Although collaborative improvement initiatives in health care have been garnering much attention in clinical and management literature, research into their organization and social facilitation is still underdeveloped. This gap is significant because although it is a promising innovation, the model is difficult to execute and is yet to be proven effective. (Grimshaw &Eccles, 2004; Sheaff & Pilgrim, 2006; Mittman, 2004)

The situation is further complicated by concerns raised about the complexity and variability of the collaborative projects in health care. Two best known examples of quality improvement collaboratives in the UK and US use very different implementation methods and learning processes. Both models are criticized for physician deprofessionalization and a “proletarization” with a focus on institutional restructuring at the costs of professional development; methodological weaknesses; and biases in reporting. (Bate & Robert, 2002; Kilo, 1998)

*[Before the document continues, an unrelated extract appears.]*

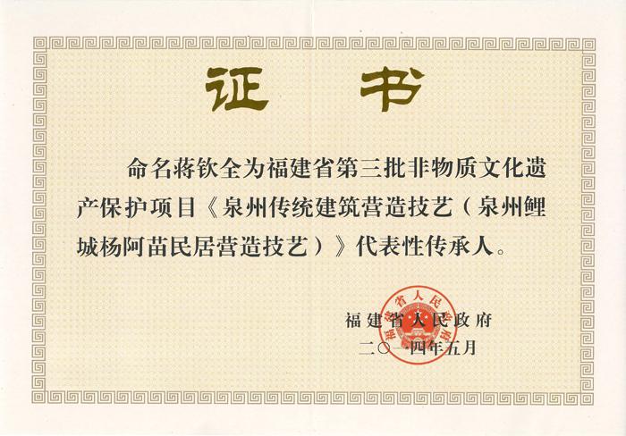 获福建省第三批非物质文化遗产保护项目“传统建筑营造技

Indeed, for organizations that struggle with implementation of quality improvements in healthcare, determining whether a Community of Practice is potentially a useful tool and is worthy of support can be a difficult task. (Cretin, 2004) In fact many small organizations at the local level lack methodological expertise, resources, and skills to undertake such assessments. (Mittman, 2004)

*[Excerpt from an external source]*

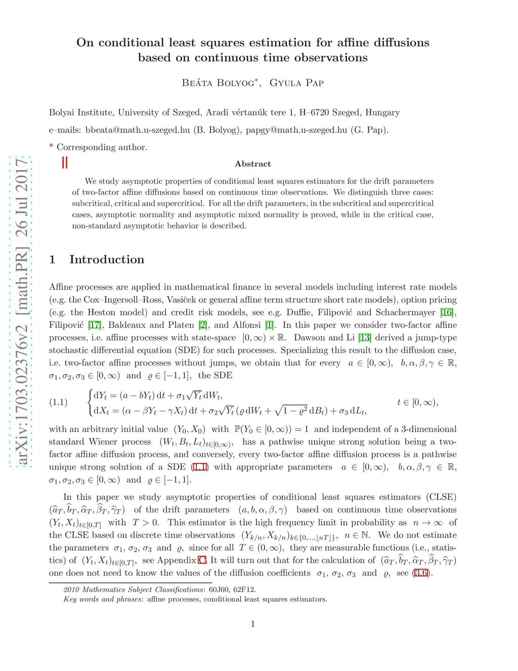 We study asymptotic properties of conditional least squares estimators for the drift parameters of two-factor affine diffusions based on continuous time observations. We distinguish three cases: subcritical, critical and supercritical. For all the drift parameters, in the subcritical and supercritical cases, asymptotic normality and asymptotic mixed normality is proved, while in the critical case, non-standard asymptotic behavior is described.

One of the biggest benefits of CoPs is that they are tailored to specific cultures and traditions within different organizational units. However, this advantage presents the biggest challenge for standardised monitoring and evaluation. Such standardization is deemed desirable in the knowledge translation literature for reporting operational insights from CoP implementation. (Li et al, 2009) The only common denominator seen consistently though, is a social facilitation phenomenon that is observed in CoPs. To describe it, evaluators must measure and understand the community and organizational context in which the CoPs operate. (Cheadle et al, 1998) To accomplish this, we need to break down the social facilitation process in CoPs into measurable steps and develop adequate evaluation tools in order to best understand and enable the CoPs.

Building on knowledge management concepts, we suggest documenting the common features of CoPs under the four categories: Innovation, Knowledge Transfer, Social Capital and Organizational Memory. Insights from our own experience with facilitating a CoP in cancer care have help us illustrate the importance of each of these four essential components in the implementation of CoP.

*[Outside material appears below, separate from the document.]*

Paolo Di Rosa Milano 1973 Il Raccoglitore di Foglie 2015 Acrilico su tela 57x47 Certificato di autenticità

Our COP Implementation Framework is derived from an integrated knowledge spiral based on the work of Nonaka and Takeuchi 1995, and adapted to the COP in medicine process (Fung-Kee-Fung 2008). The COP process being described as a sequence of knowledge conversion modes:

  • Explicit to explicit: Innovation

  • Explicit to tacit: Knowledge Transfer (KT)

  • Tacit to tacit: Social Capital

  • Tacit to explicit: Organizational Memory

The CoP Implementation Framework is described in details elsewhere. (Fung-Kee-Fung et al, 2008, 2009). For evaluation purposes the four main categories (Innovation, Knowledge Transfer, Social Capital and Organizational Memory) are briefly described in the section below.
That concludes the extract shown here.